● **Problem to work on**: For the entries that appear below, write out the exact text and omit the pictures.

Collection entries
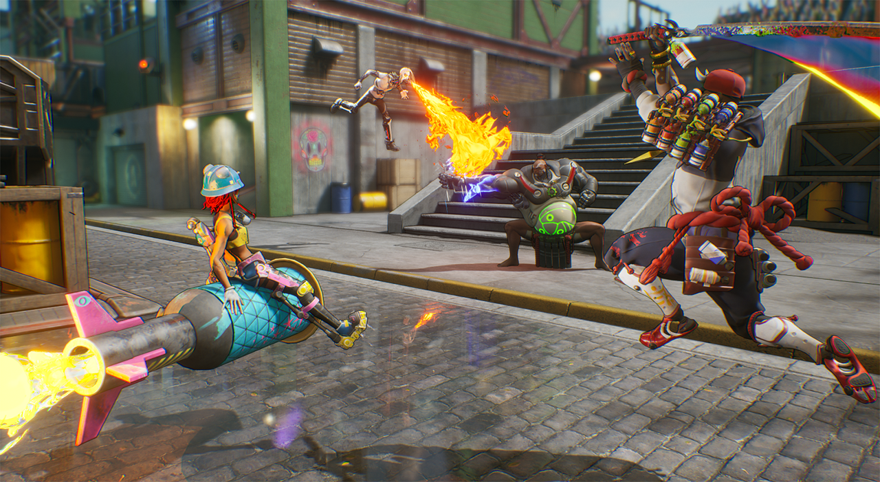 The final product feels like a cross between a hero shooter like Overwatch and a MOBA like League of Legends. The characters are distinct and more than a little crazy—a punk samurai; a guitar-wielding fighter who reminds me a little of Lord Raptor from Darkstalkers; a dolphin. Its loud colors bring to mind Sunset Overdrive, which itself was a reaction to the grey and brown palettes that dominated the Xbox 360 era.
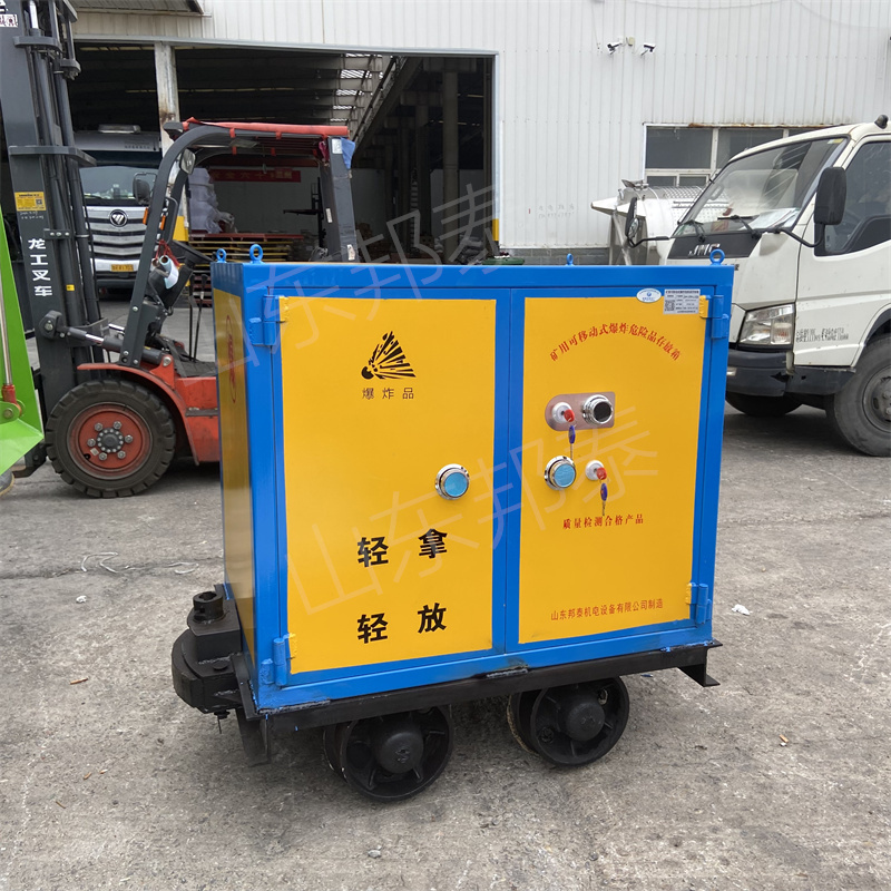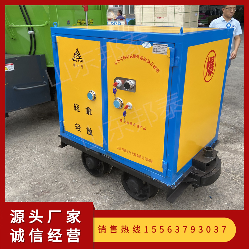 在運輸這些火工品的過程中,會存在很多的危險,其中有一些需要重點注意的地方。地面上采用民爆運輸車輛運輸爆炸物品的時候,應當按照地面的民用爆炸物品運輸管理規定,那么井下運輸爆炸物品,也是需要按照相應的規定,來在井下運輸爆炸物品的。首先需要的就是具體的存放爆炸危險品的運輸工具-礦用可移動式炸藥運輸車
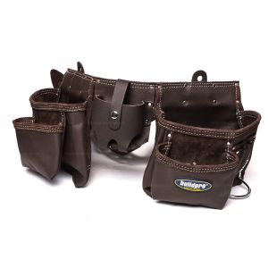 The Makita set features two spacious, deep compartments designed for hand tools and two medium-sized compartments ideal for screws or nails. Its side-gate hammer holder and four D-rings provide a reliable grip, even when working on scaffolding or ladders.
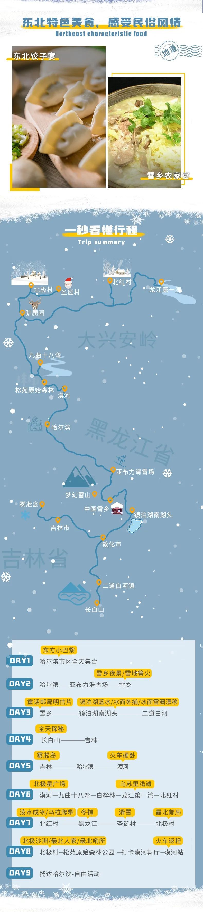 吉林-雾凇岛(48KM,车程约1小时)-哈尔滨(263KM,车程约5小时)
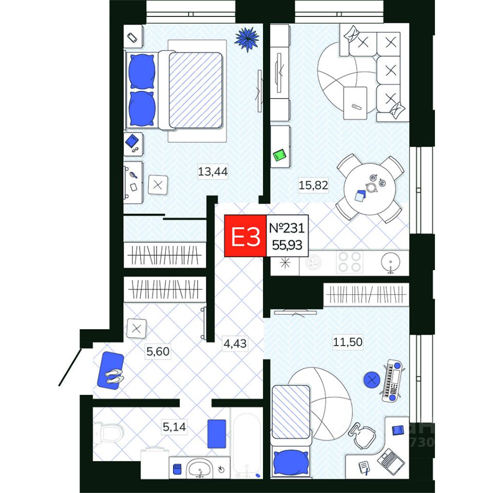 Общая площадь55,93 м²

● **Answer to this problem**:
 The final product feels like a cross between a hero shooter like Overwatch and a MOBA like League of Legends. The characters are distinct and more than a little crazy—a punk samurai; a guitar-wielding fighter who reminds me a little of Lord Raptor from Darkstalkers; a dolphin. Its loud colors bring to mind Sunset Overdrive, which itself was a reaction to the grey and brown palettes that dominated the Xbox 360 era.
 在運輸這些火工品的過程中,會存在很多的危險,其中有一些需要重點注意的地方。地面上采用民爆運輸車輛運輸爆炸物品的時候,應當按照地面的民用爆炸物品運輸管理規定,那么井下運輸爆炸物品,也是需要按照相應的規定,來在井下運輸爆炸物品的。首先需要的就是具體的存放爆炸危險品的運輸工具-礦用可移動式炸藥運輸車
 The Makita set features two spacious, deep compartments designed for hand tools and two medium-sized compartments ideal for screws or nails. Its side-gate hammer holder and four D-rings provide a reliable grip, even when working on scaffolding or ladders.
 吉林-雾凇岛(48KM,车程约1小时)-哈尔滨(263KM,车程约5小时)
 Общая площадь55,93 м²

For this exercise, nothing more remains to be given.